Pub Date : 2023-05-01DOI: 10.1109/SPW59333.2023.00017
Prashant Anantharaman, R. Lathrop, Rebecca Shapiro, M. Locasto
Complex data formats implicitly demand complex logic to parse and apprehend them. The Portable Document Format (PDF) is among the most demanding formats because it is used as both a data exchange and presentation format, and it has a particularly stringent tradition of supporting in-teroperability and consistent presentation. These requirements create complexity that presents an opportunity for adversaries to encode a variety of exploits and attacks. To investigate whether there is an association between structural malforms and malice (using PDF files as the example challenge format), we built PolyDoc, a tool that conducts format-aware tracing of files pulled from the PolySwarm network. The PolySwarm network crowdsources threat intelligence by running files through several industry-scale threat-detection engines. The PolySwarm network provides a PolyScore, which indicates whether a file is safe or malicious, as judged by threat-detection engines.

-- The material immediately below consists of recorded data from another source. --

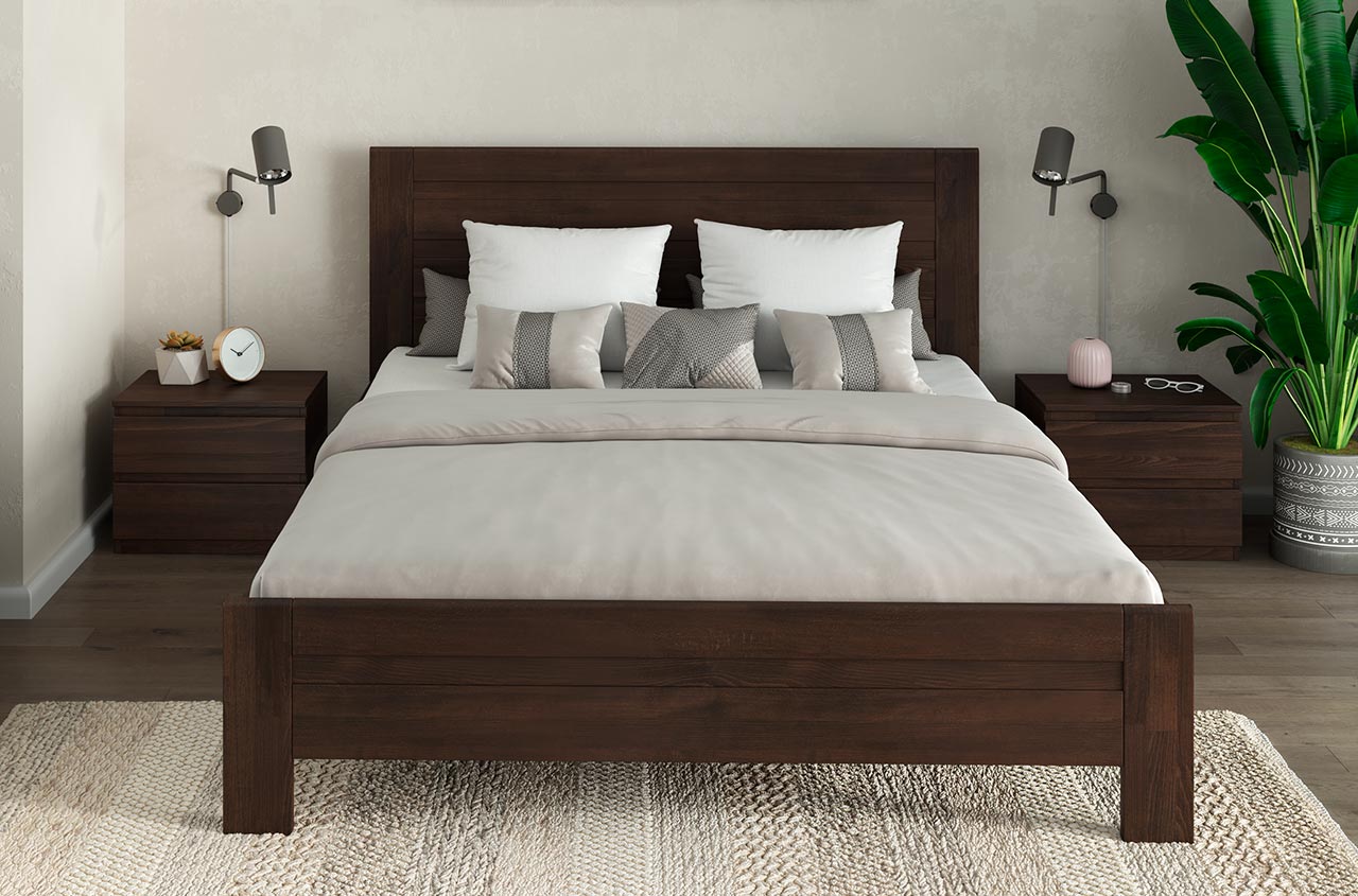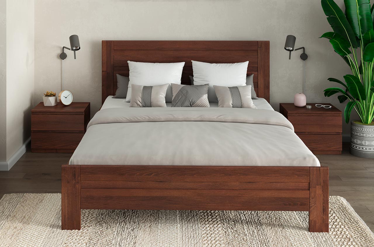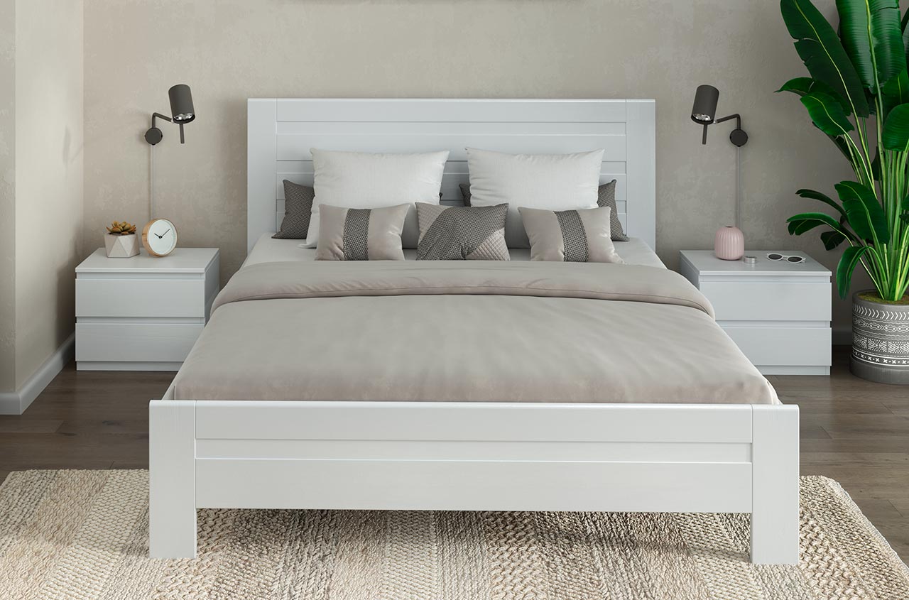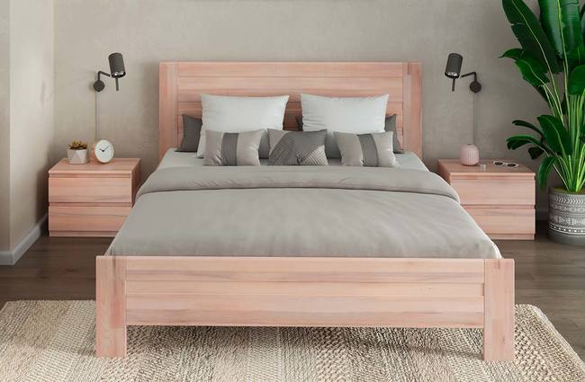 - Кровать из древесины бука (массив + щит), покрытой льняным маслом или акриловой краской.
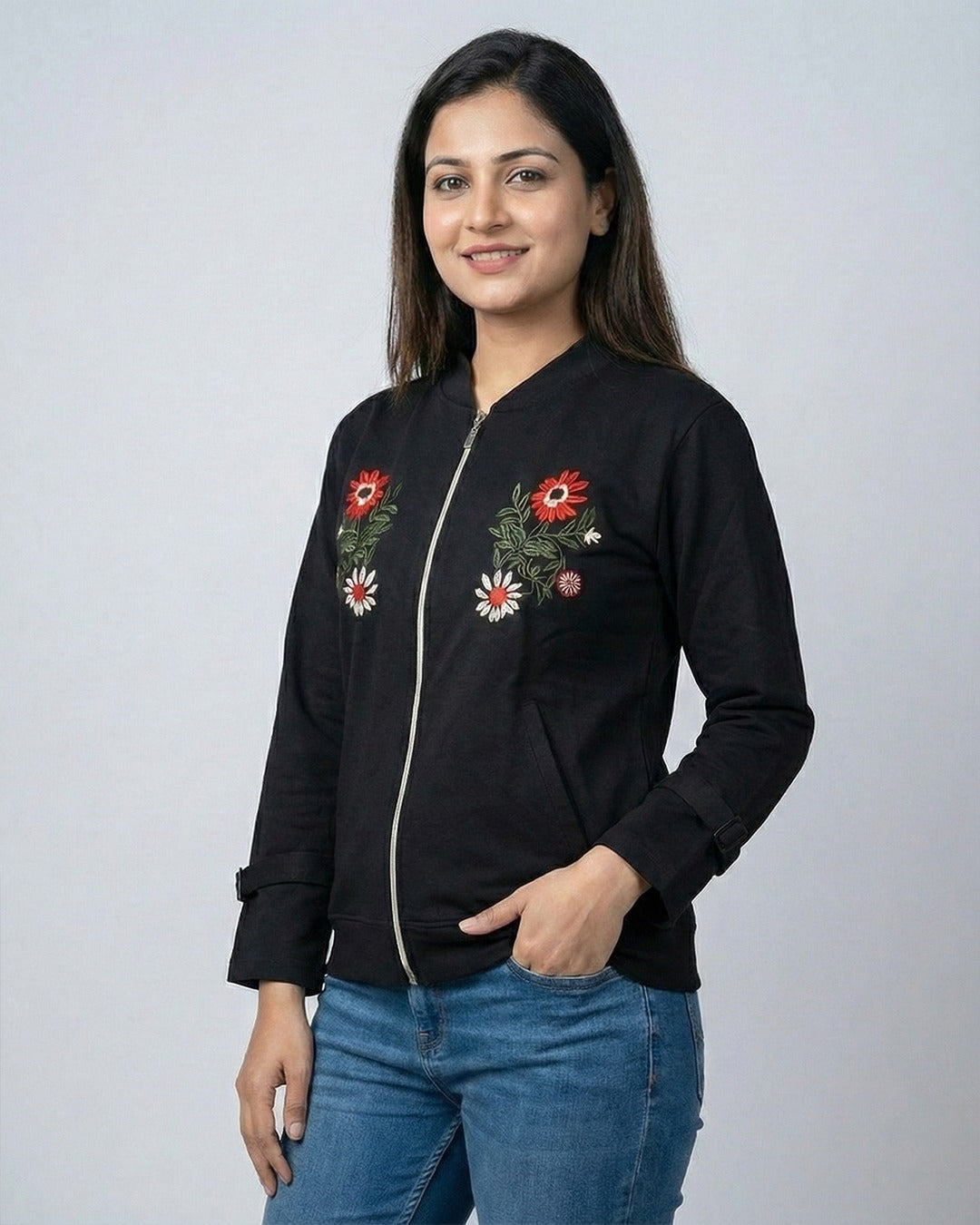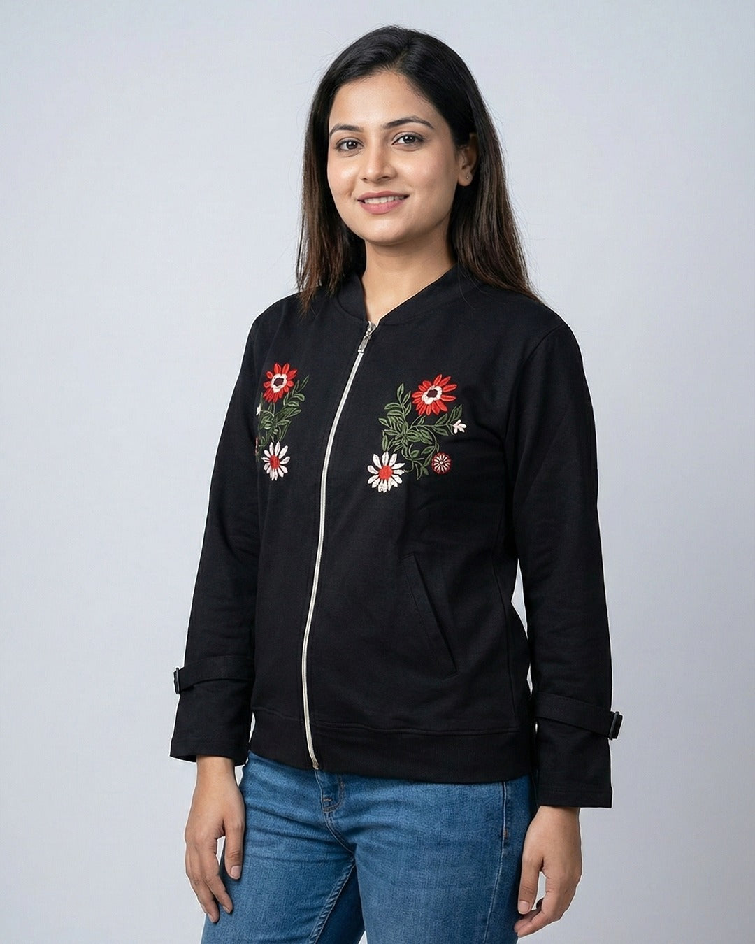 Embroidered Twin Floral Patch Jacket Stay cozy in style with our Embroidered Twin Floral Patch Jacket! Made...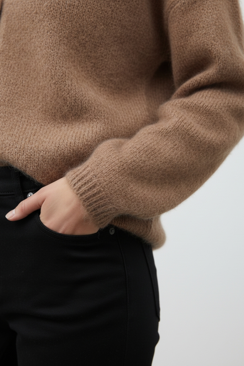 Il cardigan morbido con bottoni è l'aggiunta perfetta al tuo guardaroba invernale. Realizzato con una miscela di mohair e lana, offre calore e comfort senza rinunciare allo stile.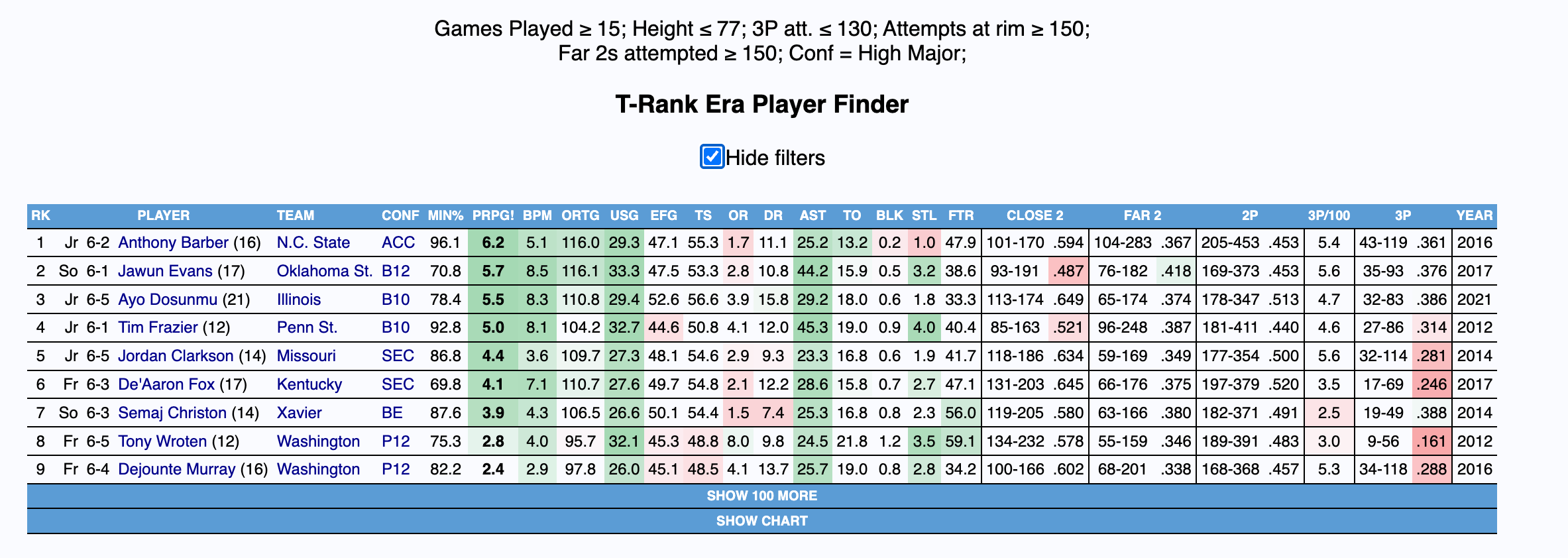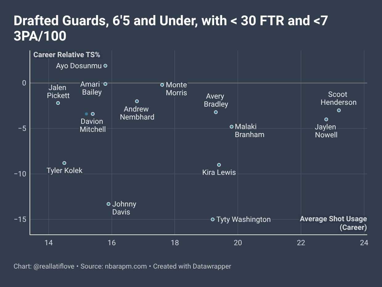 Below is a query of drafted guards 6’5 and under who find themselves within an intersection of fewer than seven three-point attempts per 100 possessions and below 30 FTR in their pre-draft seasons. Three-point attempts per 100 is used as a proxy because Bartorvik does not allow sorting by 3PAR, but many of these players fall within the <30 3PR / <30 FTR intersection.
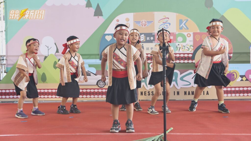 部落幼童穿著傳統服飾帶來活潑的歌舞表演,歡慶那瑪夏區公共運輸服務版圖補上最後一塊拼圖。(圖:記者黃小慧/翻攝)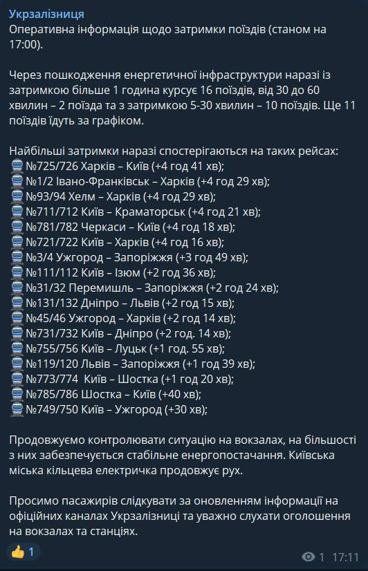 09:42 Ряд участков железной дороги обесточены из-за российских ударов по объектам энергетики, сообщает "Укрзализныця".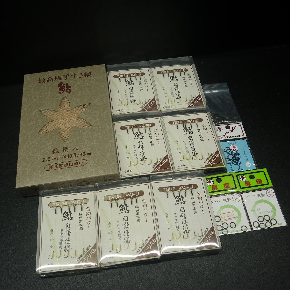 - 最高級手すき網 鮎 京手網 30cm/鮎自慢仕掛 長良8.5号 3本錨/鮎鼻かん 合計12点セット ※未使用在庫品(xa0206)※クリックポスト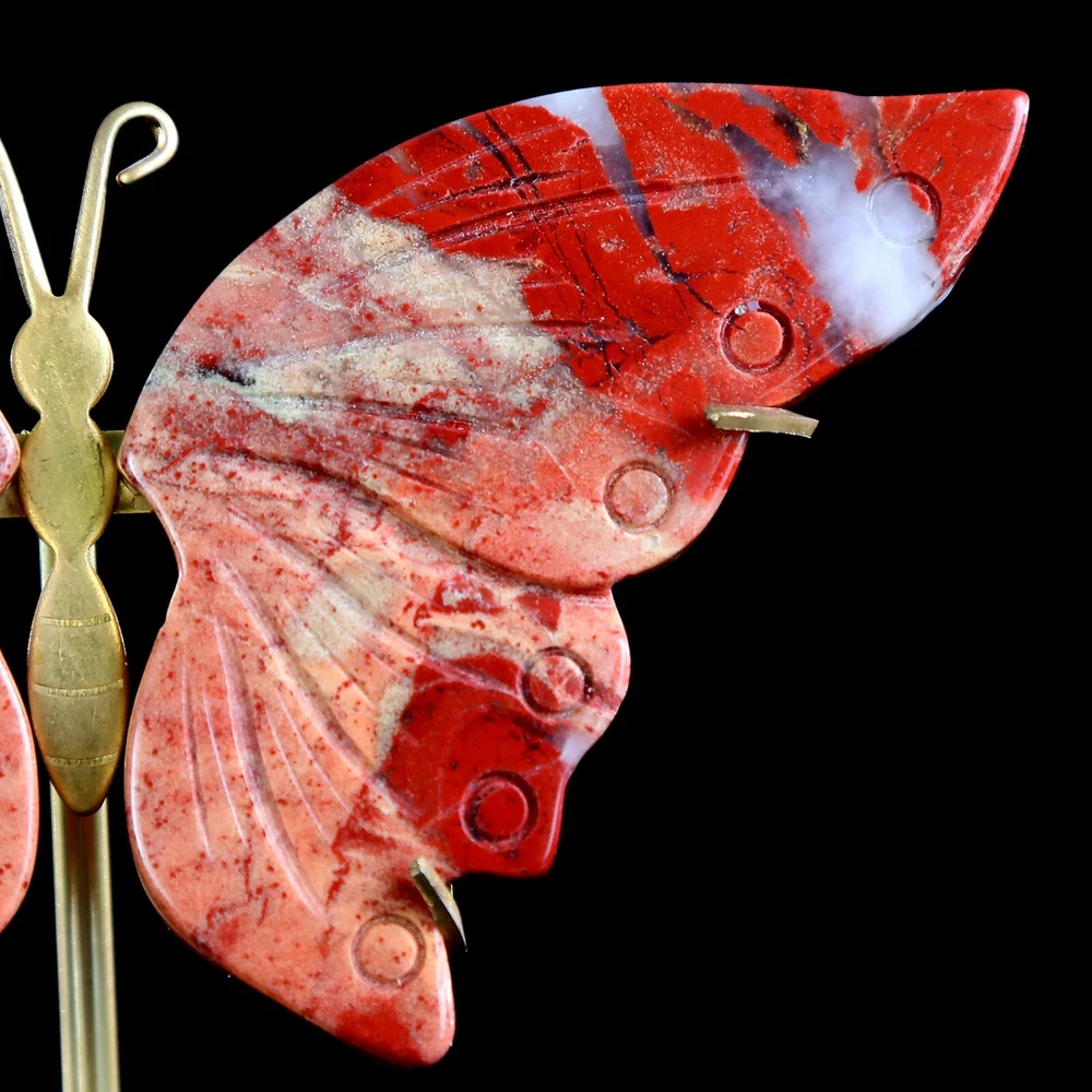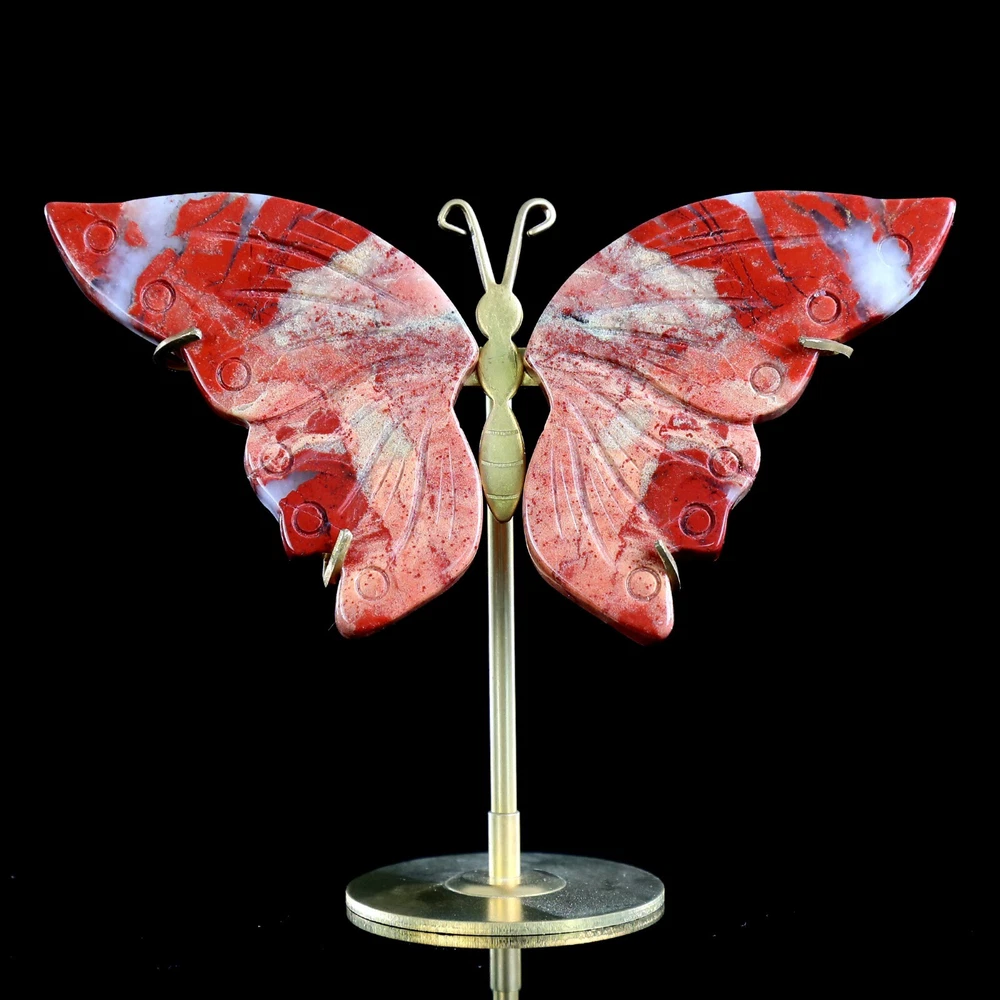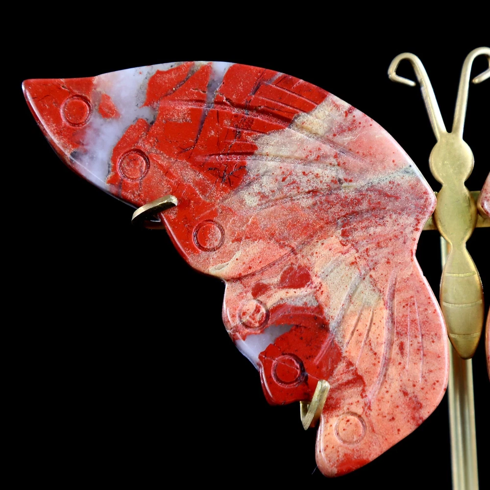 3.5" Natural Red Jasper Hand Carved Crystal Butterfly Wings, Crystal Gift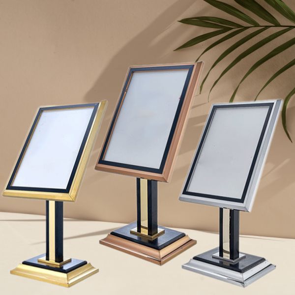 Bảng welcome inox mạ vàng mã TQTA2V là giải pháp biển báo thông tin cao cấp, được thiết kế chuyên biệt cho sảnh khách sạn 5 sao, trung tâm hội nghị, và nhà hàng sang trọng. Sản phẩm sở hữu phom dáng bề thế, với khung bảng cỡ lớn (60x80cm) và chân đế chữ nhật (60x40cm), mang lại vẻ đẹp uy nghi, đẳng cấp.
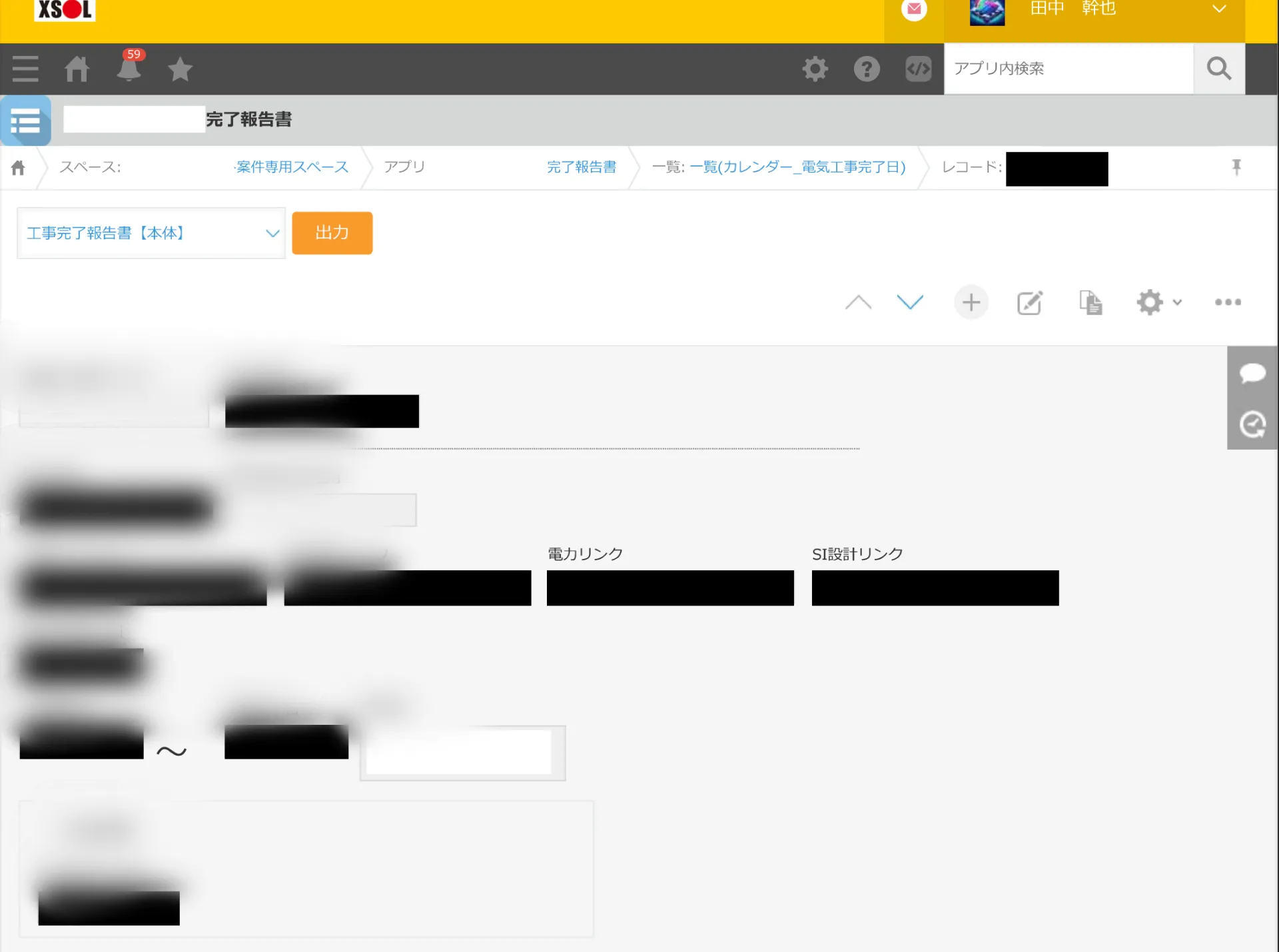 ▲工事完了報告書のkintone入力画面。出力ボタンを押すだけで簡単にPDF出力が可能に。
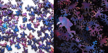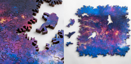 整套拼圖只有133塊,但我們可以從任意一塊出發開始構建群星閃爍的銀河系。激光切割工藝屬于非接觸性的加工,不存在工具的磨損,制成每一小塊之間的聯系隨機,圖像隨著拼湊延伸不斷變化,就如同身臨其境地探索星系。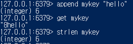 - APPEND key value : 주어진 키에 저장된 문자열 끝에 추가 문자열 value를 붙인다.

We ran PolyDoc in a live hunt mode to gather PDF files submitted to PolySwarm and then trace the execution of these PDF files through popular PDF tools such as Mutool, Poppler, and Caradoc. We collected and analyzed 58,906 files from PolySwarm. Further, we used the PDF Error Ontology to assign error categories based on tracer output and compared them to the PolyScore. Our work demonstrates three core insights. First, PDF files classified as malicious contain syntactic malformations. Second, “uncategorized” error ontology classes were common across our different PDF tools—demonstrating that the PDF Error Ontology may be underspecified for files that real-world threat engines receive. Finally, attackers leverage specific syntactic malformations in attacks: malformations that current PDF tools can detect.
复杂的数据格式隐含地需要复杂的逻辑来解析和理解它们。可移植文档格式(Portable Document Format, PDF)是要求最高的格式之一,因为它既可用作数据交换格式,也可用作表示格式,而且它在支持互操作性和一致表示方面有着特别严格的传统。这些需求带来了复杂性,为对手提供了编码各种利用和攻击的机会。为了调查结构畸形和恶意之间是否存在关联(使用PDF文件作为示例挑战格式),我们构建了PolyDoc,这是一个对从PolySwarm网络中提取的文件进行格式感知跟踪的工具。该网络通过几个行业规模的威胁检测引擎运行文件,将威胁情报众包。该网络提供了一个PolyScore,它表明一个文件是安全的还是恶意的,由威胁检测引擎判断。我们以实时搜索模式运行PolyDoc,收集提交给PolySwarm的PDF文件,然后通过流行的PDF工具(如Mutool, Poppler和Caradoc)跟踪这些PDF文件的执行情况。我们收集并分析了来自PolySwarm的58,906个文件。此外,我们使用PDF错误本体根据跟踪器输出分配错误类别,并将它们与PolyScore进行比较。我们的工作展示了三个核心见解。首先,被归类为恶意的PDF文件包含语法错误。其次,“未分类”的错误本体类在我们不同的PDF工具中很常见,这表明PDF错误本体可能没有为现实世界的威胁引擎接收的文件指定充分。最后,攻击者利用攻击中特定的语法错误:当前PDF工具可以检测到的错误。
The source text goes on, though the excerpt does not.